Environment: Windows 7, Cpu:8 Core, Memory: 8g Memory

Positioning process:

Start the project and view the Java process ID

Check the CPU usage of the event Processor at approximately 1%:

Turn on simulator send a few packets of data, see again, found that the CPU has been racing up:

Close the simulator, wait for the data to be processed, check again, the CPU is not lowered:

Use Processexplorer to view the CPU usage of the event processor thread and discover that the CPU utilization of threads 40160 and 40156 continues to be high,

Use Jstack-l 35684 to print out the line stacks of the event process and see the thread 40156-> for the threads ID (to be converted to 16) corresponding (40160-> 9ce0, stacks 9CDC):

As you can see, threading TaskScheduler_com.delta.atm.services.impl.AutoTTExecutorServiceImpl and Taskscheduler_ Com.delta.atm.services.impl.AlarmExecutorServiceImpl is in a running state, the thread information is continuously printed, and the two threads are always in the runnable state, and simulator is not turned on, and the thread should be asleep.

First-line code, view Alarmserviceimpl,

Check Schedulerserviceimpl again,

From the perspective of the following code, Taketask should only be executed once, and then hibernate, waiting for wake-up without data.
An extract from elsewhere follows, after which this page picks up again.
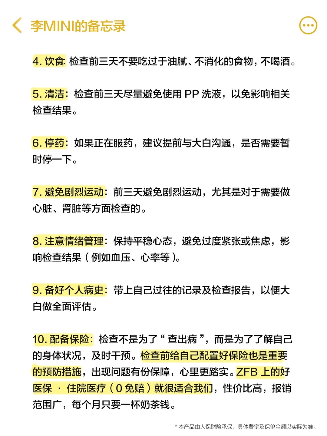 姐妹们,你们是不是“身体不舒服了才去检查”? 其实等到身体发出信号,很多问题已经潜伏一段时间了,尤其是现在我们年轻人,工作压力大、作息乱,健康早就掉链子了。 定期检查不只是必要,更是必须!但关键是做对检查项目!按年龄、按情况来检查,才能真正有效,并且节省时间和钱。 1️⃣20-30岁:这个阶段职场压力大,很多女生都开始出现乳腺增生、结节等问题。 2️⃣30-40岁:到了30岁后,妇科和肿瘤筛查更加重要!除了20多岁该做的项目,女性肿瘤标志物四项也得加上! 3️⃣40-50岁:这个阶段,肿瘤的发生风险直线上升,特别是宫颈、卵巢和乳腺检查,提前发现、早期干预。 4️⃣50岁以上:到了50岁,心脑血管问题和血糖异常常见!心电图、颈动脉彩超,这些必查!血糖检查更是重中之重! 当然检查不是为了“查出病”,而是了解自己的身体状况,及时干预。人生中的小病大病,都是我们无法预料的,提前给自己配置好健康保障也是重要的预防措施,出现问题有份保障,心里更踏实。 ZFB上人保财险承保的【好医保·住院医疗(0免赔)】就很适合我们女性。 首先它是责任内0免赔额的,责任内一般医疗:年累计自费或自付1万以内,赔付比例30%;1万以上赔付比例100%!特别适合我们女生这因为“小病小痛”住院的情况。 而且一个月一杯奶茶钱,以25岁为例,每个月保费只需要十几块钱,就能够得到百万级别的保障:保单年累计赔付总限额600万元。 住院期间的保障拉满!除了住院(含手术、药品费等)的费用、还覆盖了特殊门急诊、门急诊手术、住院(含出入院当天)前30天后30天门急诊费用。 所以啊,姐妹们,真正的“爱自己”,不只是买支口红、喝杯奶茶,更是主动管理健康的那份远见。 定期做好对的项目检查,是读懂自己身体的信号;而提前在ZFB上搜【好医保住院】,投保人保财险【好医保·住院医疗(0免赔)】为自己配好保障,则是为未来可能的风雨提前备好一把伞。检查让我们心里有数,保障让我们兜里有底。现在就上ZFB搜一搜,给自己的身体一份双重的安心吧!

According to the printed line stacks found that these two threads have been running for a long time in the Taketask method, so guess this part has a dead loop, and since this machine is 8 cores, 1/8=0.125, if two threads continue while loop, it will consume 25% CPU resources.

Add the output, print out the global count, find the reason, the thread sleep condition is the count of 0 to sleep, but the data are processed out of the print count is not 0 so the thread will keep idling,

But why does it occur when the data is not processed by Count 0?

From the code results, Alarmservice receives a packet of data count will add 1, each packet of data, count will be reduced by 1, and Count is the Atomicinteger thread safety type.

Since Alarmservice is using a producer-consumer model, the approximate structure is as shown, requiring a global count to represent all of the data in the queue, and when the count number is 0, task schedule sleeps, otherwise it will continue to be dispatched.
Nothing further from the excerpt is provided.